Thursday 9/23 - Monday 9/27: Shop within the Barbie Dream Sale shelf in the online shop to save as much as 67% off regular prices. Dream Sale prices as indicated on item product pages.

Happy shopping!

Tuesday, September 14, 2010

Altered Barbie

The Altered Barbie show is on in San Francisco now through Sept. 30. Anyone in the area should check out the exhibit.

You can see Barbie as a spider.

Or an eggplant.

Or whatever this is.

These inventive and, in some cases, downright odd Barbie adaptations didn't come easily. Mattel didn't like that its iconic doll was getting trusted up with eight legs or made into purple vegetables. Read about the legal challenges Altered Barbie has faced here.

Saturday, September 11, 2010

Pretty as a Picture

Barbie means a lot of things to a lot of people, and some of those people have a talent for expressing their Barbie emotions through art. (I can't say that I'm among them. I tried taking a pottery class once. It didn't turn out well.)

From the Altered Barbie exhibit now happening in San Francisco to the number of works featured Barbie by renowned artists, Barbie is a frequent participant in art of all kinds and styles.

Check out some of these iconic pieces:

•Andy Warhol, “Barbie”

•Peter Max, “Futuristic Barbie”

•Kenny Scharf, “Barbluella”

•Peter Engelhardt, “Beauty and the Beast”

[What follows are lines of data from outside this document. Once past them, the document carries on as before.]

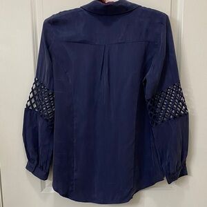 Discover elegance with this navy button down shirt, featuring unique lattice sleeves. Perfect for any occasion. Soft and silky! EXCELLENT CONDITION!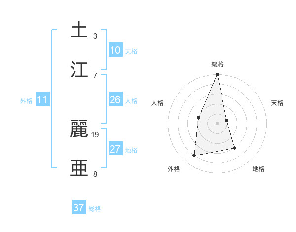 土江 麗亜さんの総格は37画の5点!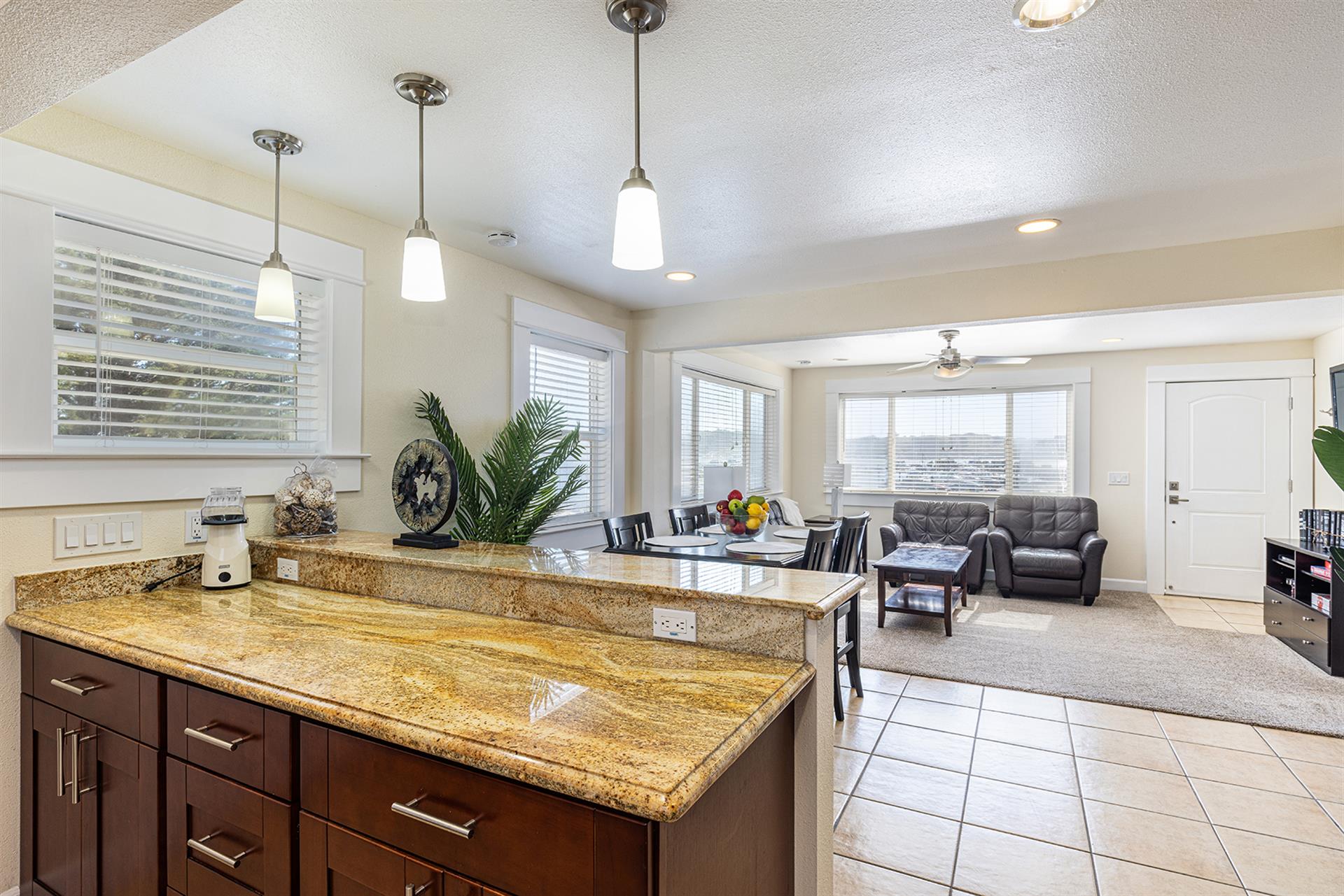 Kitchen has all the appliances you would need or use. Wonderful deck to sit on and watch the sunset over the Bay, or have a nice grilled dinner. Cherry cabinets, granite counter top with wonderful eating bar and stools. Queen size beds in each bedroom plus a queen aero bed. Sit and watch the birds dine or the sea lions play. Hike along the cliffs off Bodega Head and catch a glimpse of the migrating whales Nov.-April. If you like Golf try our PGA Certified Bodega Harbor Links Golf Course.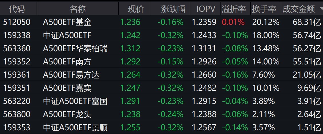 截至上午收盘,场内跟踪中证A500指数的ETF小幅下跌。其中,有9只中证A500相关ETF成交额超1亿元,3只超56亿元。A500ETF基金、中证A500ETF、A500ETF华泰柏瑞早盘成交额分别为68.31亿元、56.74亿元、56.27亿元。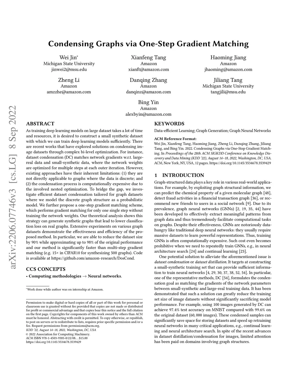As training deep learning models on large dataset takes a lot of time and resources, it is desired to construct a small synthetic dataset with which we can train deep learning models sufficiently. There are recent works that have explored solutions on condensing image datasets through complex bi-level optimization. For instance, dataset condensation (DC) matches network gradients w.r.t. large-real data and small-synthetic data, where the network weights are optimized for multiple steps at each outer iteration. However, existing approaches have their inherent limitations: (1) they are not directly applicable to graphs where the data is discrete; and (2) the condensation process is computationally expensive due to the involved nested optimization. To bridge the gap, we investigate efficient dataset condensation tailored for graph datasets where we model the discrete graph structure as a probabilistic model. We further propose a one-step gradient matching scheme, which performs gradient matching for only one single step without training the network weights. Our theoretical analysis shows this strategy can generate synthetic graphs that lead to lower classification loss on real graphs. Extensive experiments on various graph datasets demonstrate the effectiveness and efficiency of the proposed method. In particular, we are able to reduce the dataset size by 90% while approximating up to 98% of the original performance and our method is significantly faster than multi-step gradient matching (e.g. 15x in CIFAR10 for synthesizing 500 graphs). Code is available at \url{https://github.com/amazon-research/DosCond}.

•Karl Lagerfeld, “Little Black Dress”
•Carol Peligan, “Icon”

•Jennifer Bartlett, “Barbie Paints a Picture”

•David Salle, unnamed

•Robert Stern, “Colossus of Barbie”

•Jim Dine, “Barbie”

•Donald Baechlor, “Ice Cream”

Wednesday, September 8, 2010

Hello, Hello

My dearest Barbie friends,

My apologies for the decline in Barbie posts! I've been a terrible Barbie blogger this summer. Alas, sunshine and fun aren't the culprits sucking my time. Rather, a new desk and new computer at a new job are requiring much more of my attention, sad to say.

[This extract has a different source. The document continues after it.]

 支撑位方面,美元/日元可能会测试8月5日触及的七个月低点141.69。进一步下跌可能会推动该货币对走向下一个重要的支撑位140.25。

But I will make a better effort!

Here's my first attempt:

Mattel CEO Roberty Eckert recently shared his thoughts on Barbie, Mattel and his career with the company in an interview with SmartMoney magazine. I'd love to get my hands on that "Bob Barbie" (a mini version of the big man himself).

Check it out here.

And now, I will repeat this mantra to help me stay on track:

Be a Better Barbie Blogger
Be a Better Barbie Blogger
Be a Better Barbie Blogger
Be a Better Barbie Blogger
Be a Better Barbie Blogger

Say it five times fast. Go ahead, try it yourself. Not so easy, right?